3-tier architecture separates each tier from each other based on the complexity of the users and how they use the data present in the database. It is the most widely used architecture to design a DBMS.
Database (Data) Tier: This tier contains relations which contains data and the integrity constraints. At this tier, the database resides along with its query processing languages.
Application (Middle) Tier: For a user, this application tier gives an abstract view of the database. They are just unaware about the database which exists beyond the application which they are using. Also, the database tier is unaware about the users beyond the application tier. Hence the application layer is in the middle and acts as a mediator between the end-user using application and the database behind it.

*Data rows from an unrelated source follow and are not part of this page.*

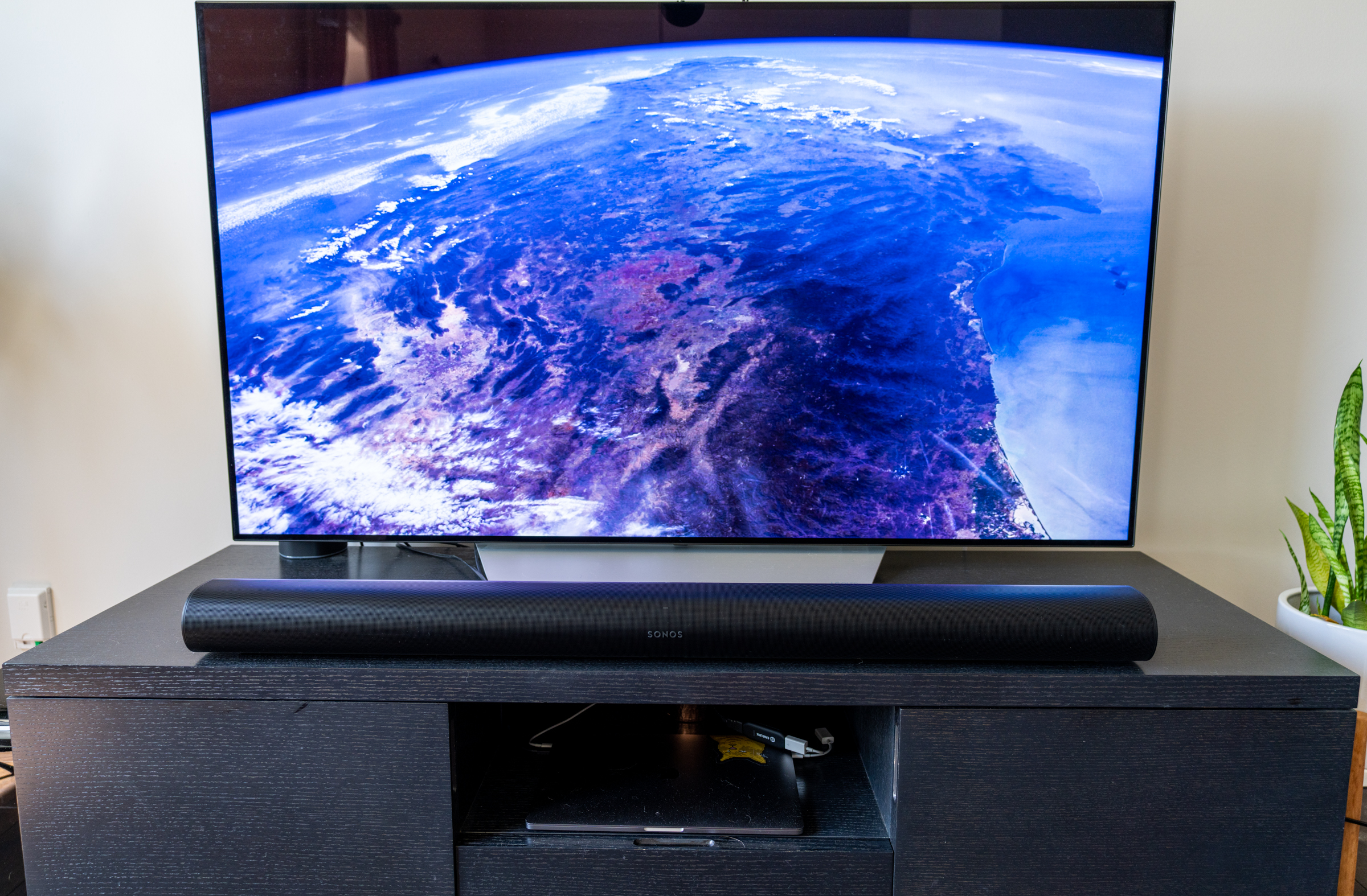 Para tener una idea de cuánto tiempo es, funciona casi todo el largo de mi televisor OLED C7 LG 65 ″. También es un poco más alto que el Sonos Beam, llegando a 3.4 “. Para mi uso, eso fue lo suficientemente corto como para no oscurecer ninguna de las pantallas del televisor cuando está sentado en un banco de TV frente al televisor desde mi ángulo de visión normal, pero su kilometraje puede variar, y si tuvo un similar configurar con el Beam, solo tenga en cuenta que necesitará un poco más de espacio libre con el Arc.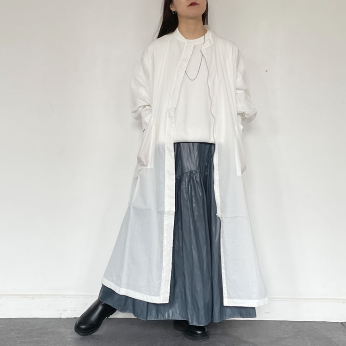 ブルゾンと同素材のコートは、長めの着丈でも透け感があるので軽やかな印象です。後ろのギャザーを絞るとメリハリがついてすっきりと着られます。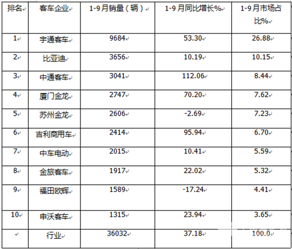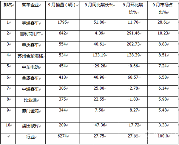 9月新能源客车:宇通强势夺冠,竞争格局生变,吉利\申沃挺进三甲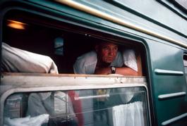 USSR. Russia. Tourists arrive from north by train, to Sochi station....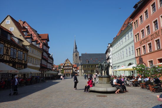 Bald sind wir am Marktplatz, auf dem heute Markt stattfindet.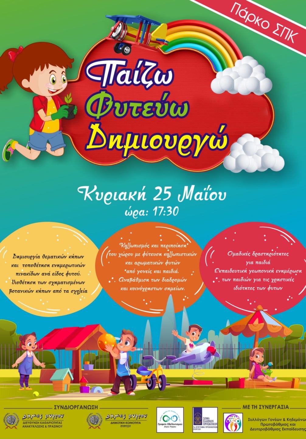 ✅ Στην εκδήλωση, παίζω, φυτεύω και δημιουργώ, συμμετέχουν η Δημοτική Κοινότητα Πύργου, το Γραφείο Εθελοντισμού Δήμου Πύργου, το 1ο Σύστημα Προσκόπων Πύργου και οι Σύλλογοι Γονέων & Κηδεμόνων Δευτεροβάθμιας Εκπαίδευσης.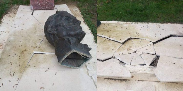 Sikurse shihet nga pamjet e publikuara nga gazetari Bledi Mane, busti është thyer e rënë në tokë, ndërsa është shkatërruar edhe pallka e mermerit, e cila duket qartë se është sulmuar.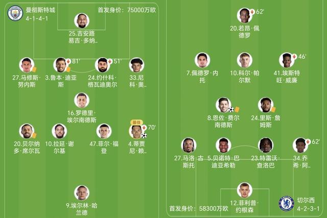 下半场再战,瓜迪奥拉的调整较为保守,球队进攻节奏似乎有所放缓,给了切尔西喘息之机。第51分钟,格瓦迪奥尔受伤被胡桑诺夫换下。

Fig.1.1. 3-tier Architecture of DBMS
User (Presentation) Tier: End-users operate on this tier and they know nothing about any existence of the database beyond this layer. At this layer database can be viewed by many users. Each user has own perspective. All views as per user are generated at this layer.
2. Explain File oriented approach
File Oriented Approach:-
A traditional File Oriented Approach was based on the following:
- Information stored in files.
- An application program to access information stored in file.
Disadvantages of File Oriented Approach:
- Data Dependency:-
A traditional program is linked to:
- Structure of record.
- Size of each field inside a record.
- Type of each field.
- Position of field in the record.
A program writes to access the master file must be changed whenever new field is added, deleted/modified.
2. Data Redundancy:-
Same piece of information may be stored in different files.
Eg. Student name and one can appear in college file also and in department file also.
3. Data Inconsistency:-
Data duplication leads to inconsistency.
Eg. Name can be changed in department file but not in college file.
4. Lack of flexibility:-
- There is strong coupling between program and data. Every type of result to be generated should be programmed.
- Programming for a new record may require modification of existing record structure which may be difficult.
5. Data Isolation:-
- Data may be scattered in different files. Each file may have different format.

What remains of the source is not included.